▸ Records for the task
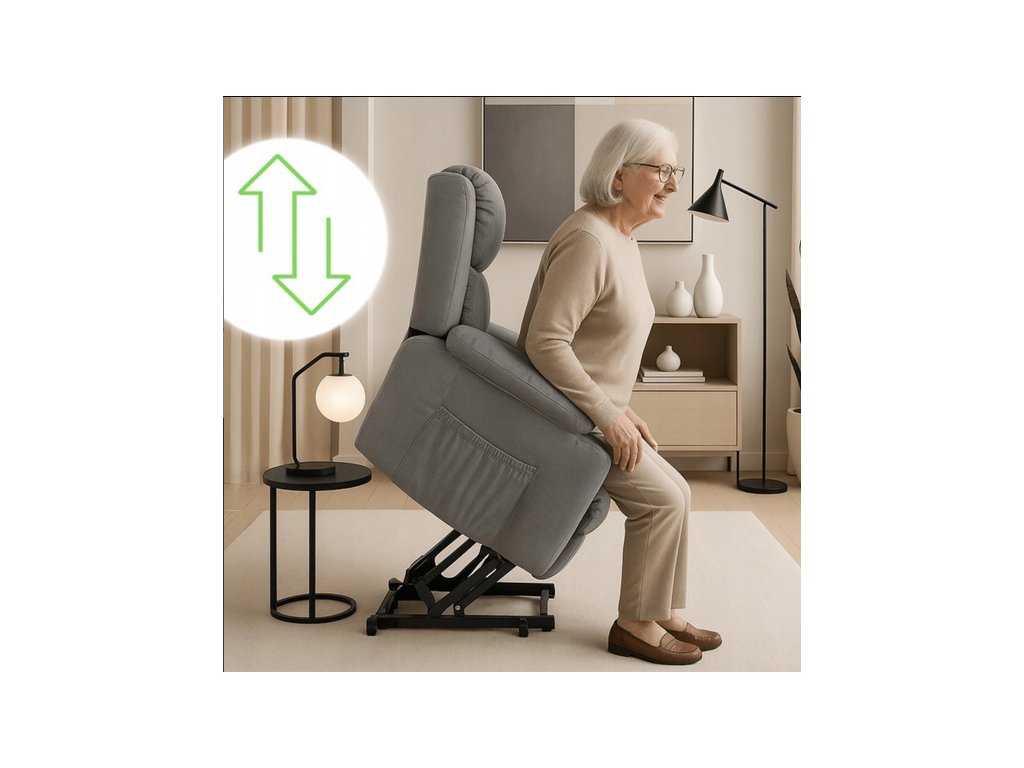 Jednou z hlavných výhod kresla MARCOS je praktická funkcia vstávania (lift). Pomocou elektrického mechanizmu sa sedadlo pomaly nakláňa dopredu, čím vám pomôže ľahko a bezpečne vstať. Táto funkcia je ideálna pre osoby s obmedzenou pohyblivosťou alebo po rehabilitácii.
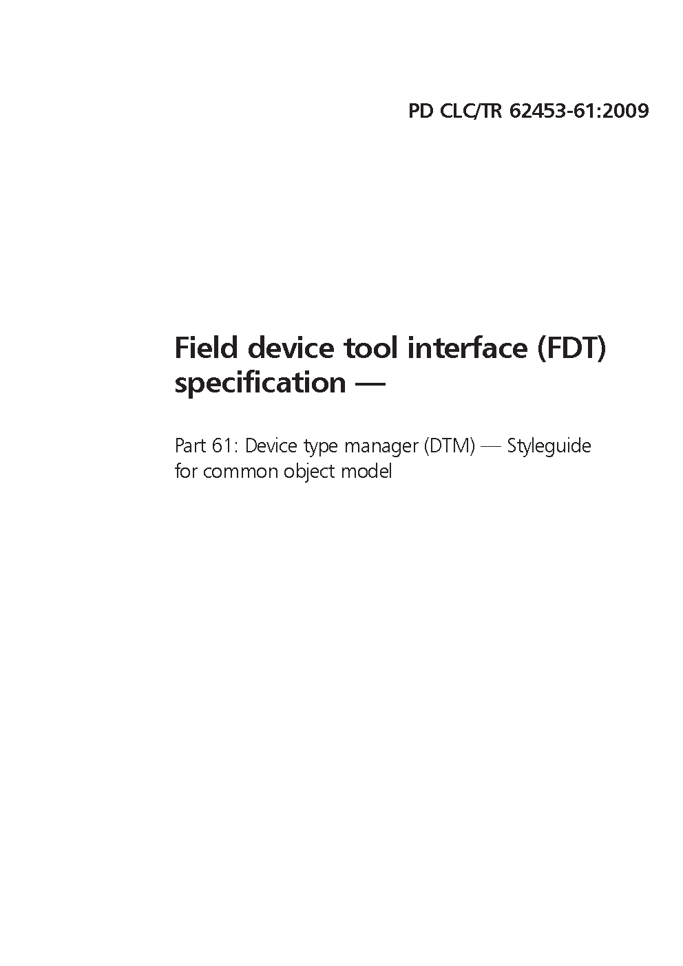 Field device tool interface (FDT) specification Device type manager (DTM). Styleguide for common object model
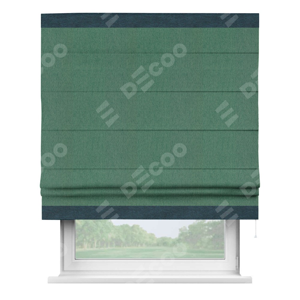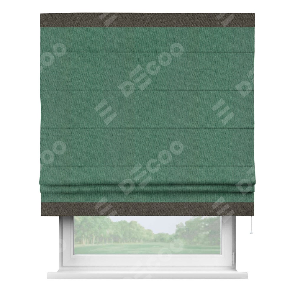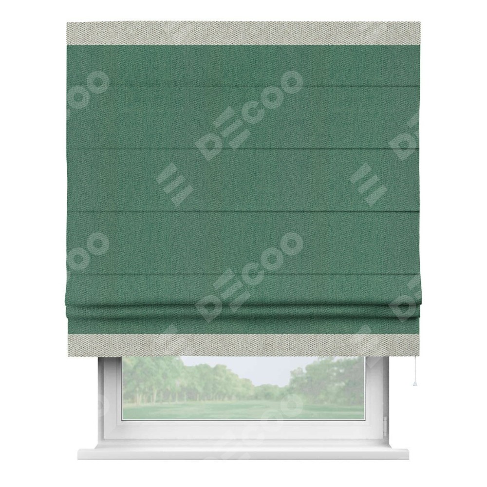 Римская штора «Кортин» с кантом Горизонт, для проема, ткань твид блэкаут, зелёный
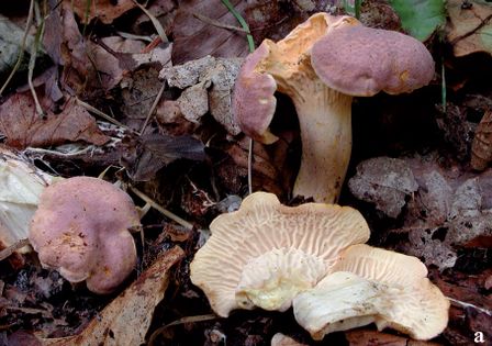 Amethyst Chanterelle Cantharellus amethysteus (Quél.) Sacc. syn. C. cibarius var. amethysteus. Quél. (illustrated 55% life size) Cap 3–6cm across, convex, soon flattened and depressed at centre, margin irregular, wavy, inrolled; dull orange; dry, felty, with fine, purplish-lilac, woolly or felty scales, especially at centre but sometimes overall. Stem 2–4×1–2cm, tapering below; pale yellowish-orange, bruising deep tawny; fleshy. Flesh pale cream-yellow, brownish-orange when cut; firm; smell and taste pleasant, faintly of apricots. Spore-bearing surface wrinkled, thin, resembling narrow, forking gills, running down stem; pale yellow-orange to pinkish-orange, bruising darker. Spores 8–10×4.5–6¼, broadly elliptical, smooth. Spore print white. Habitat in grass or leaf litter under broad-leaved trees, especially oak, beech, and birch, rarely under pine; late summer to autumn. Uncommon. Edible. Note photographed by Geoffrey Kibby.
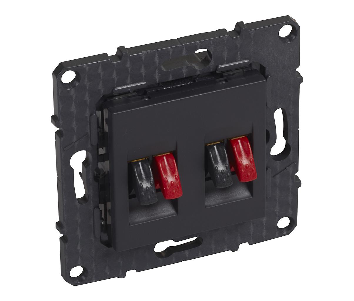 Prise double haut-parleur Altège livrée avec enjoliveur finition noir Nuit et support, à équiper d'une plaque de finition
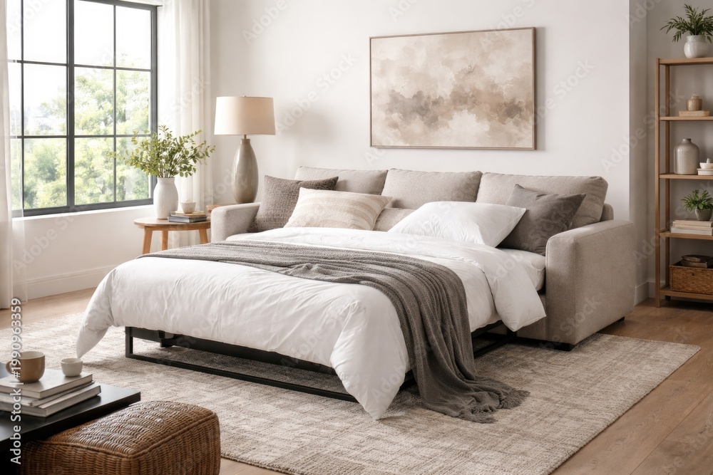Contemporary living space featuring a sleeper sofa near a br Wallpaper
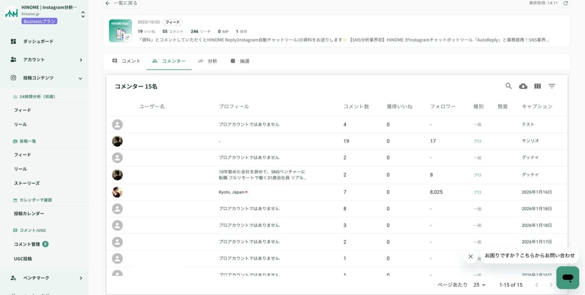 - プロフィール属性分析では、コメント主のプロフィール情報までHINOME上で把握することが可能です。フォロワー数やバイオグラフィから「マイクロインフルエンサー」や「コアファン」を特定し、ターゲティングの精度を向上させます。
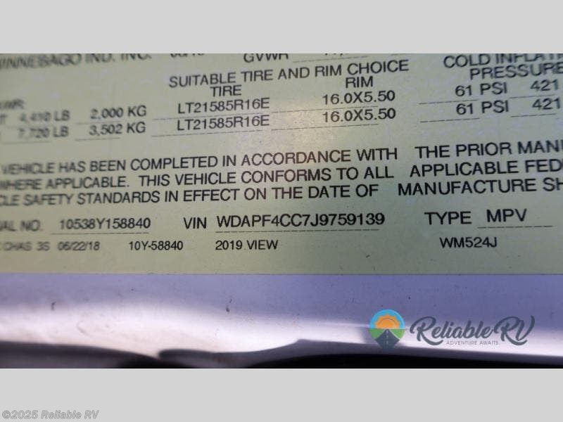 Request More Info on this 2019 Winnebago View 24J Offered for sale by Reliable RV
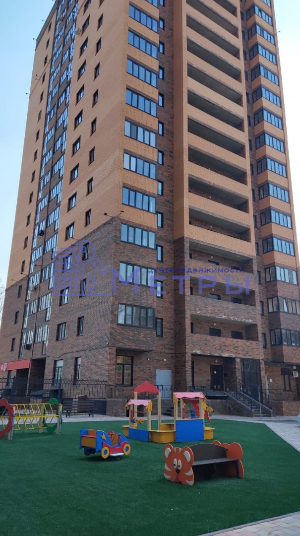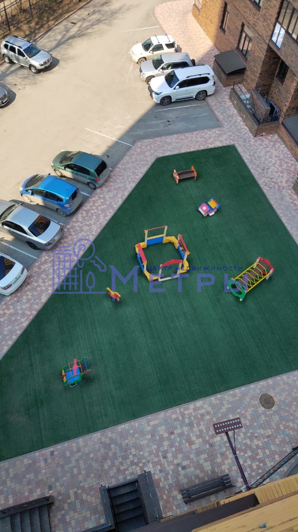 Территория дома огорожена металлическим забором с калитками и воротами, которые оборудованы домофонной системой. На огороженной территории дома расположены две современные детские площадки, мангальная зона и авто-парковка с достаточным количеством парковочных мест.
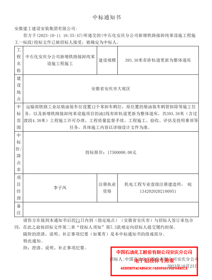 該項目擬對中石化安慶分公司運輸部鐵路工業(yè)站柴油裝車位設(shè)置12個苯卸車鶴位,以及新增鐵路接卸純苯設(shè)施項目的油2線有砟軌道更新為整體道床,共 393.38 米,計劃工期為71天。此次中標是2023年以來分公司繼化工園區(qū)儲運部六罐區(qū)重大安全風(fēng)險消減治理項目以及2023年5月-2025年4月工程建設(shè)項目施工總承包框架協(xié)議項目兩個項目中標后,連續(xù)在中石化安慶分公司中標的第三個項目,也是分公司中標的首個鐵路整體道床施工項目。
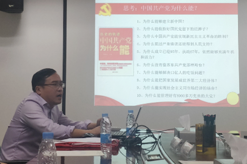 唐永炳同志从思考为什么要学习党史国史出发,强调了共产党人的初心和使命。紧接着,唐永炳同志回顾了中国共产党的奋斗历程,分别从新民主主义革命时期、社会主义革命和建设时期、改革开放和现代化建设新时期,详细介绍了中国共产党建党、建国和发展详细历史,突出了中国共产党的三大“伟大历史贡献”,并要求各位党员同志正确处理“不变”与变“变”的辩证关系,不变的是信仰、信念、纪律和担当,变化的是形势、任务、政策和挑战,号召大家增强党性、勤奋学习、以人民为中心,“不忘初心,牢记使命”做一名合格党员。

▸ What to do
Copy each line above exactly. Images do not belong in the copy.

▸ Response
 Jednou z hlavných výhod kresla MARCOS je praktická funkcia vstávania (lift). Pomocou elektrického mechanizmu sa sedadlo pomaly nakláňa dopredu, čím vám pomôže ľahko a bezpečne vstať. Táto funkcia je ideálna pre osoby s obmedzenou pohyblivosťou alebo po rehabilitácii.
 Field device tool interface (FDT) specification Device type manager (DTM). Styleguide for common object model
 Римская штора «Кортин» с кантом Горизонт, для проема, ткань твид блэкаут, зелёный
 Amethyst Chanterelle Cantharellus amethysteus (Quél.) Sacc. syn. C. cibarius var. amethysteus. Quél. (illustrated 55% life size) Cap 3–6cm across, convex, soon flattened and depressed at centre, margin irregular, wavy, inrolled; dull orange; dry, felty, with fine, purplish-lilac, woolly or felty scales, especially at centre but sometimes overall. Stem 2–4×1–2cm, tapering below; pale yellowish-orange, bruising deep tawny; fleshy. Flesh pale cream-yellow, brownish-orange when cut; firm; smell and taste pleasant, faintly of apricots. Spore-bearing surface wrinkled, thin, resembling narrow, forking gills, running down stem; pale yellow-orange to pinkish-orange, bruising darker. Spores 8–10×4.5–6¼, broadly elliptical, smooth. Spore print white. Habitat in grass or leaf litter under broad-leaved trees, especially oak, beech, and birch, rarely under pine; late summer to autumn. Uncommon. Edible. Note photographed by Geoffrey Kibby.
 Prise double haut-parleur Altège livrée avec enjoliveur finition noir Nuit et support, à équiper d'une plaque de finition
Contemporary living space featuring a sleeper sofa near a br Wallpaper
 - プロフィール属性分析では、コメント主のプロフィール情報までHINOME上で把握することが可能です。フォロワー数やバイオグラフィから「マイクロインフルエンサー」や「コアファン」を特定し、ターゲティングの精度を向上させます。
 Request More Info on this 2019 Winnebago View 24J Offered for sale by Reliable RV
 Территория дома огорожена металлическим забором с калитками и воротами, которые оборудованы домофонной системой. На огороженной территории дома расположены две современные детские площадки, мангальная зона и авто-парковка с достаточным количеством парковочных мест.
 該項目擬對中石化安慶分公司運輸部鐵路工業(yè)站柴油裝車位設(shè)置12個苯卸車鶴位,以及新增鐵路接卸純苯設(shè)施項目的油2線有砟軌道更新為整體道床,共 393.38 米,計劃工期為71天。此次中標是2023年以來分公司繼化工園區(qū)儲運部六罐區(qū)重大安全風(fēng)險消減治理項目以及2023年5月-2025年4月工程建設(shè)項目施工總承包框架協(xié)議項目兩個項目中標后,連續(xù)在中石化安慶分公司中標的第三個項目,也是分公司中標的首個鐵路整體道床施工項目。
 唐永炳同志从思考为什么要学习党史国史出发,强调了共产党人的初心和使命。紧接着,唐永炳同志回顾了中国共产党的奋斗历程,分别从新民主主义革命时期、社会主义革命和建设时期、改革开放和现代化建设新时期,详细介绍了中国共产党建党、建国和发展详细历史,突出了中国共产党的三大“伟大历史贡献”,并要求各位党员同志正确处理“不变”与变“变”的辩证关系,不变的是信仰、信念、纪律和担当,变化的是形势、任务、政策和挑战,号召大家增强党性、勤奋学习、以人民为中心,“不忘初心,牢记使命”做一名合格党员。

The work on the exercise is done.